Be careful to handle all error cases related to ZooKeeper, including but not limited to:
- Inability to create a lock
- Inability to take a lock
- Inability to release a lock
Submission
Perform all of your work in your homework-4 git repository. Commit and push your assignment. Once you are ready to submit, create a release, tagged “hw4.” Unless you want to submit a different version of your code, leave it at “master” to release the most recent code that you’ve pushed to GitHub. Make sure that your name is specified somewhere in the release notes. The time that you create your release will be the time used to judge that you have submitted by the deadline. This is NOT the time that you push your code.
Make sure that your released code includes all of your files and builds properly.

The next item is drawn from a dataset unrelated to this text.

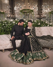 Magnificently crafted plain black chanderi silk floor length peshwaz beautifully finished with emerald green chanderi silk border that has been enhanced with gotta Patti. It has been paired with black chanderi silk chooridar to create an elegant ensemble. To complement this eye turner look it comes with a black net dupatta that has exquisite border enhanced with opulent adda work of gold sequins, naqshi and muqash. Further highlighting the intricacy with green cutdana and finishing borders with green chanderi silk facing.
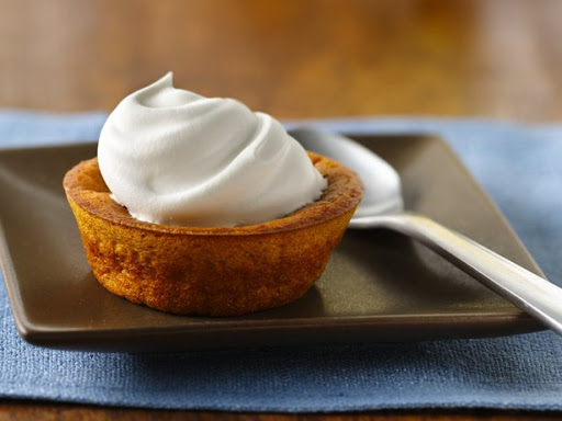Bake about 30 minutes or until muffin tops are golden brown and edges are starting to pull away from sides of pan. Cool 10 minutes. With thin knife, loosen sides of pies from pan; remove from pan and place top sides up on cooling rack. Cool 10 minutes longer, and serve with 1 generous tablespoonful whipped topping.

You can do this by clicking to download the archive, and inspecting/trying to build it on your own machine/vm. There is no need to submit binaries/jar files (the target/ directory is purposely ignored from git). It is accepted (and normal) to NOT include the config.properties file in your release.
If you want to resubmit before the deadline: Simply create a new release, we will automatically use the last release you published. If you submitted before the deadline, then decide to make a new release within 24 hours of the deadline, we will automatically grade your late submission, and subtract 10%. Any releases created more than 24 hours past the deadline will be ignored.